Его никогда не отравляли собственные мысли по поводу происходящего вокруг. Он ни о ком не отзывался с осуждением, ни к кому не вязался. А плохое — то есть плаксивая унылая мысль — вообще не могло свить себе гнезда в его творческой голове. Это совсем не означает, что он был идеален. Он был эгоистом. Скорее всего, никудышным отцом, умел не замечать ближних чаще, нежели дальних, и умудрялся обидеть более всего тех, кого сильнее всего любил и кем мучился. И всё же его бриг попутным ветром под парусами шёл лёгким ходом.
Корпус его корабля, оставлявший белые кипящие буруны в людском океане, никогда не обрастал коростой зависти или озлобленности. Он был щедрым, открытым. Открытым даже слишком. Нараспашку — всем розам и всем ветрам. В нём действительно было нечто от капитана разбойничьей каравеллы. Отстучав на механическом ундервуде очередной акт пьесы, постукивая деревяшкой, он торопился выбраться на палубу к людям. Порадоваться. Веселье — что бочка с ромом. Что — швартоваться. Что — в порт, что — в море. Быть главарём пиратов ему шло, не случайно именно он инсценировал «Остров сокровищ» Стивенсона, где совсем не второстепенный персонаж, попугай Капитан Флинт судьбоносно скрипел с плеча Сильвера: «Пиастрры! Пиастрры!!!» Как капитан, он видел дальше всех, зорче всех и то, как под Сириусом с правого борта он пройдёт Сциллу и Харибду. Он видел цель. Его пиастрами, его цепями, его тяжёлым сундуком с кладом было писательство.
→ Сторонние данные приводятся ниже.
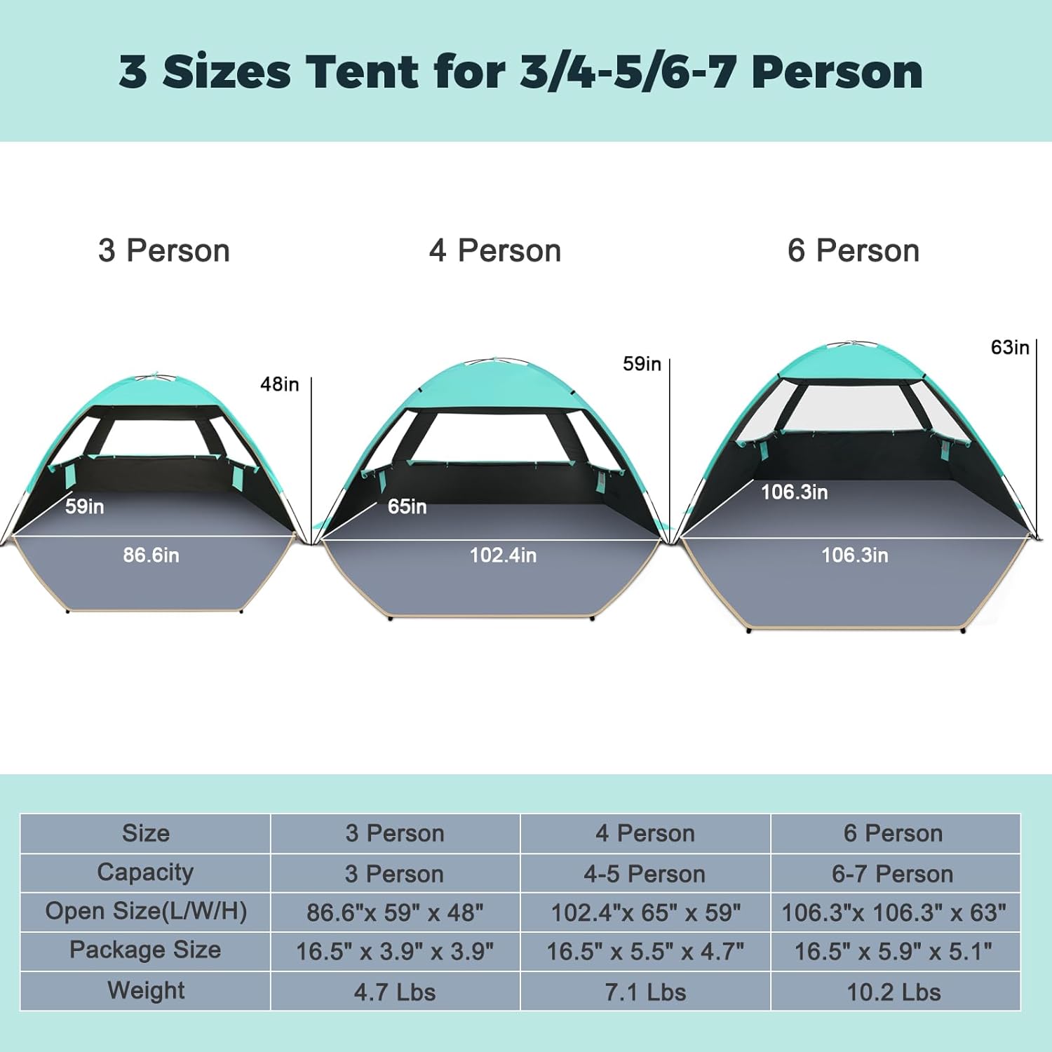 - Super Large Space: With dimensions of 86.6 inches L x 59 inches W x 48 inches H, Gorich beach tent is 30% larger and can accommodate 3 people. For family and friends, it offers a cozy beachside setting

Внутренне, часто озаряясь этим во внешнем, он думал о работе. Он думал о правде, о том, как сделать вещь лучше. Он был уже не усреднённой моделью задумчивого «sapiens» — бери реей повыше: осознающего, отправляющего ежесекундно внешние впечатления на внутренние фактории, на переработку. К сожалению, он не имел угодий графа Льва Николаевича Толстого, по которым было бы так полезно пройтись после лёгкого завтрака косой, дабы уравновесить психическую энергию физической нагрузкой. Его психический баркас зачерпывал уже глубоко. Он потерял сознание прямо в салоне самолёта по пути в Штаты в 1978 году на премьеру своей пьесы «Эшелон», и знаменитый американский хирург Майкл Дебейки сделал ему операцию на открытом сердце — протез митрального клапана. К тому времени, как мы познакомились в Доме писателей в Переделкине (где у него был свой постоянный номер, смахивающий больше на лифт, в котором он жил с последней женой Татьяной), он уже перенёс инсульт. В столовую за порционным обедом он шёл ветвистым затемнённым коридором, очевидно прихрамывая, опираясь всей силой правой руки на палку. Искусственный клапан и регулярные, два-три раза в год, капельницы в институте хирургии им. А. В. Вишневского.
Стоял в очереди на писательскую дачу, никого не торопя, не понукая. Наконец, спустя десять лет, отмучив честно очередь в Союзе «за шапкой», перебрался в писательский коттедж на ул.Чаплыгина, бывшую дачу Андрея Вознесенского — дачу, знаменитую тем, что на её территорию как-то ступил ногой Марк Шагал со словами: «Вот самое прекрасное место на земле!» Прекрасного, прямо скажем, мало. Участок никак не прибран, в прошлогодних листьях: трава, пни, остро торчащий кустарник. Земля не обработана, «нон колтивата» — обычное изумление европейцев. «Как у вас много земли „нон колтивата“!» Окидываю глазами участок с самыми обычными соснами. Так чем это место могло так поразить старика Марка? Верно, одним только деревянным штакетником, напомнившим художнику родной Витебск.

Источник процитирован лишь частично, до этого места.